> Entries shown

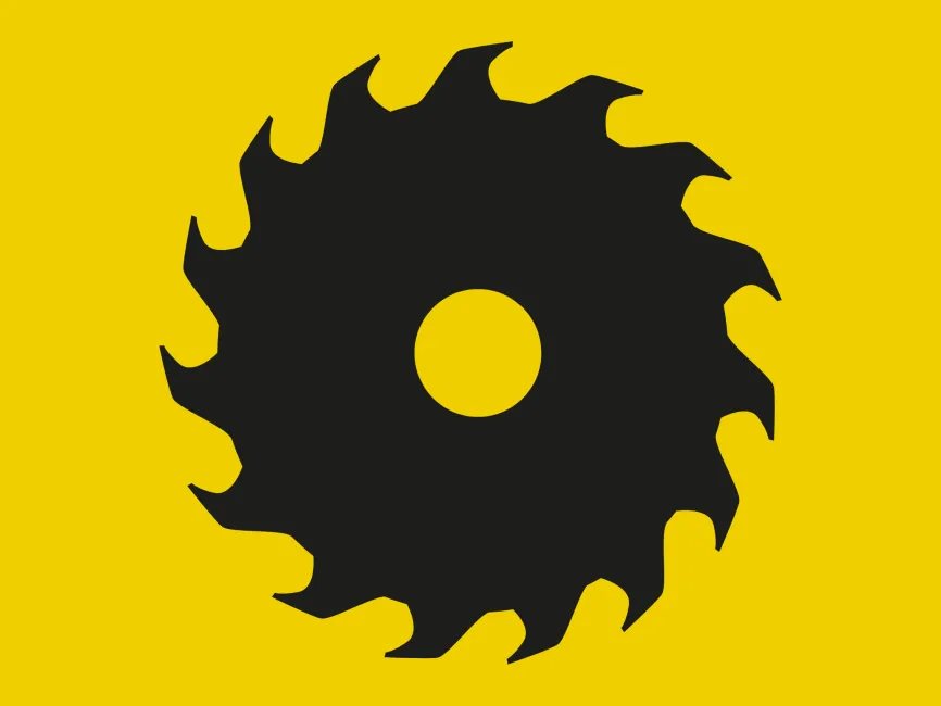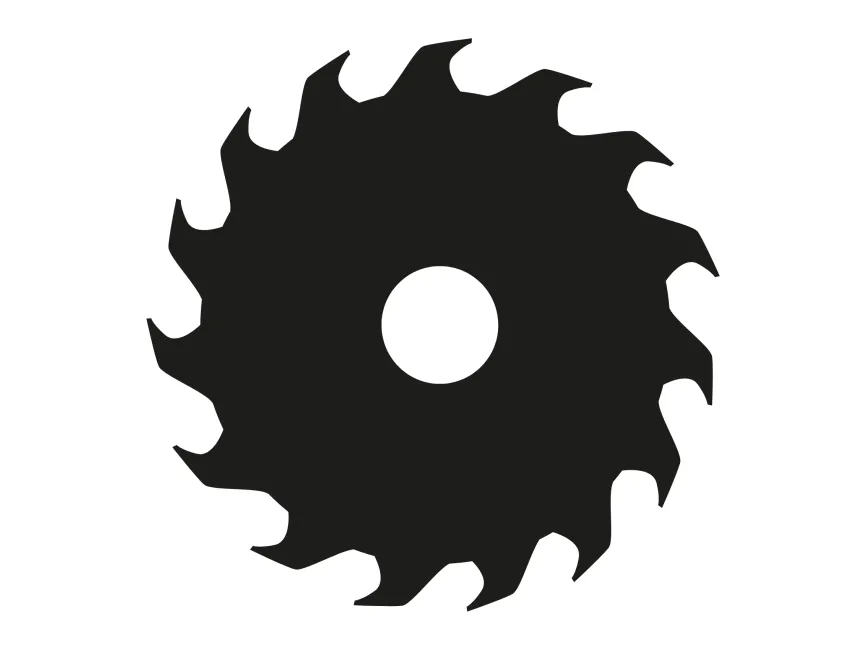 This sharp, circular saw blade design features a jagged, gear-like edge, symbolizing power, precision, and cutting-edge technology. The bold, black silhouette makes it highly recognizable and effective for industrial, mechanical, and tool-related branding.
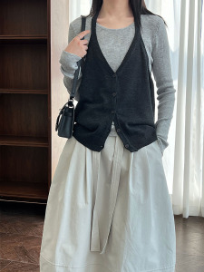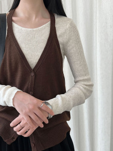 NS 韩系慵懒感圆领打底·叠穿挂脖背心女秋季新款简约套装ss793
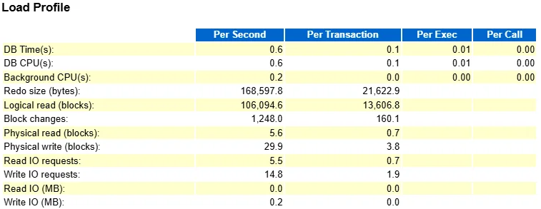 随后,我创建了联合索引之后,晚上抓了一个 AWR 报告看了下数据库性能:
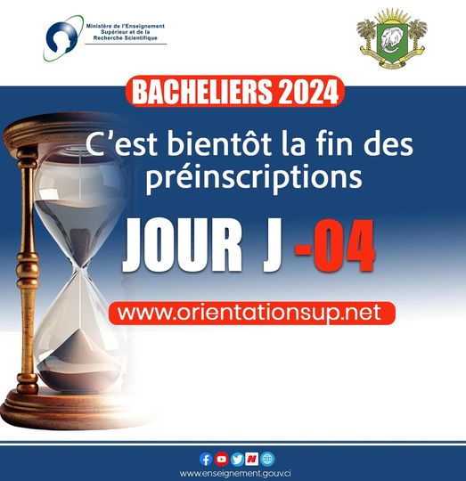 Enseignement Supérieur / Préinscription des bacheliers 2024 : Le processus de préinscription prend fin dans 04 jours. : www.orientationsup.net 𝐝𝐮 𝟏𝟓 𝐣𝐮𝐢𝐥𝐥𝐞𝐭 𝟐𝟎𝟐𝟒...
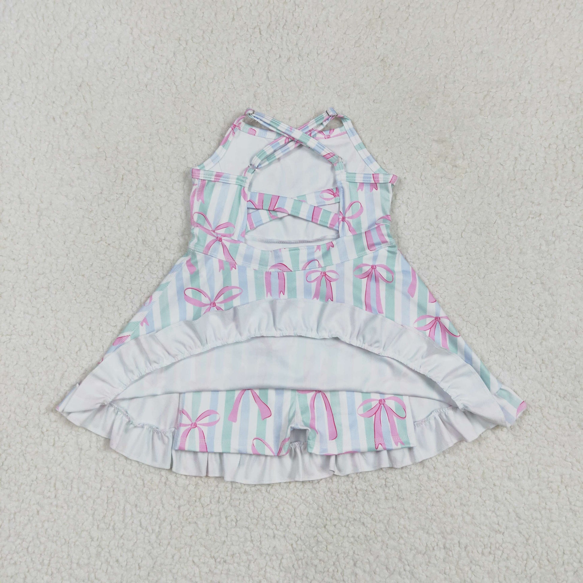 GSD2297 Bows Stripes Print Girls Summer Knee Length Shorts Yoga Dress
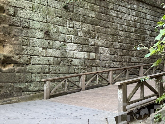 奥へ進むと石壁が出てくるのですが壁面には銃弾の跡が残っていました。
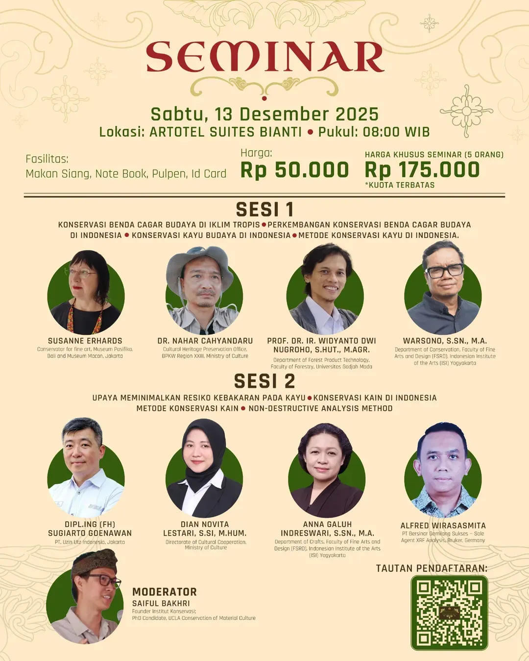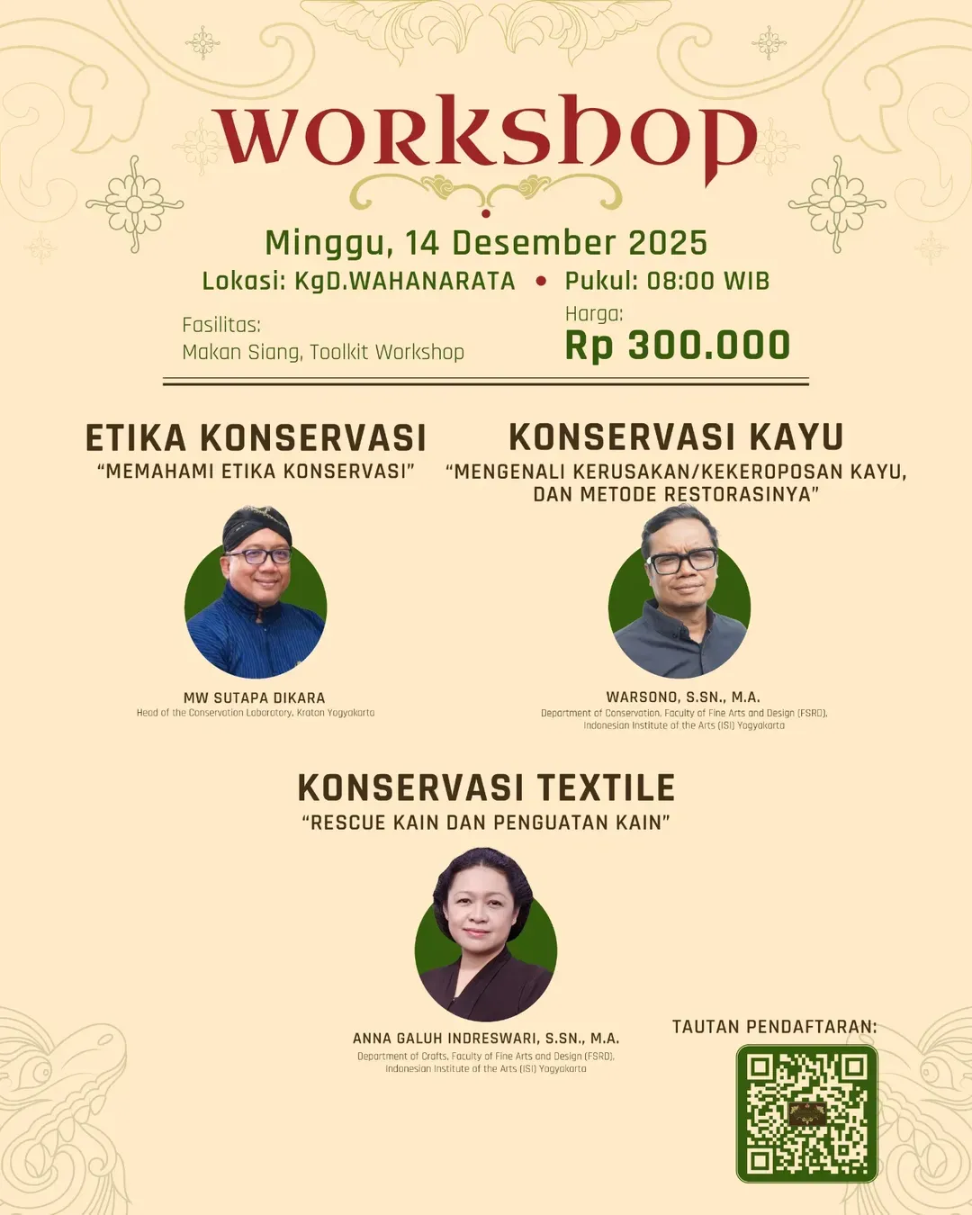 Workshop ini dirancang untuk kamu yang ingin memahami how-to dalam merawat dan menyelamatkan benda cagar budaya, mulai dari etika hingga teknik penanganan kayu dan tekstil.

> Problem statement
Every line of the records above should be copied exactly, while the pictures are left behind.

> Exercise output
 This sharp, circular saw blade design features a jagged, gear-like edge, symbolizing power, precision, and cutting-edge technology. The bold, black silhouette makes it highly recognizable and effective for industrial, mechanical, and tool-related branding.
 NS 韩系慵懒感圆领打底·叠穿挂脖背心女秋季新款简约套装ss793
 随后,我创建了联合索引之后,晚上抓了一个 AWR 报告看了下数据库性能:
 Enseignement Supérieur / Préinscription des bacheliers 2024 : Le processus de préinscription prend fin dans 04 jours. : www.orientationsup.net 𝐝𝐮 𝟏𝟓 𝐣𝐮𝐢𝐥𝐥𝐞𝐭 𝟐𝟎𝟐𝟒...
 GSD2297 Bows Stripes Print Girls Summer Knee Length Shorts Yoga Dress
 奥へ進むと石壁が出てくるのですが壁面には銃弾の跡が残っていました。
 Workshop ini dirancang untuk kamu yang ingin memahami how-to dalam merawat dan menyelamatkan benda cagar budaya, mulai dari etika hingga teknik penanganan kayu dan tekstil.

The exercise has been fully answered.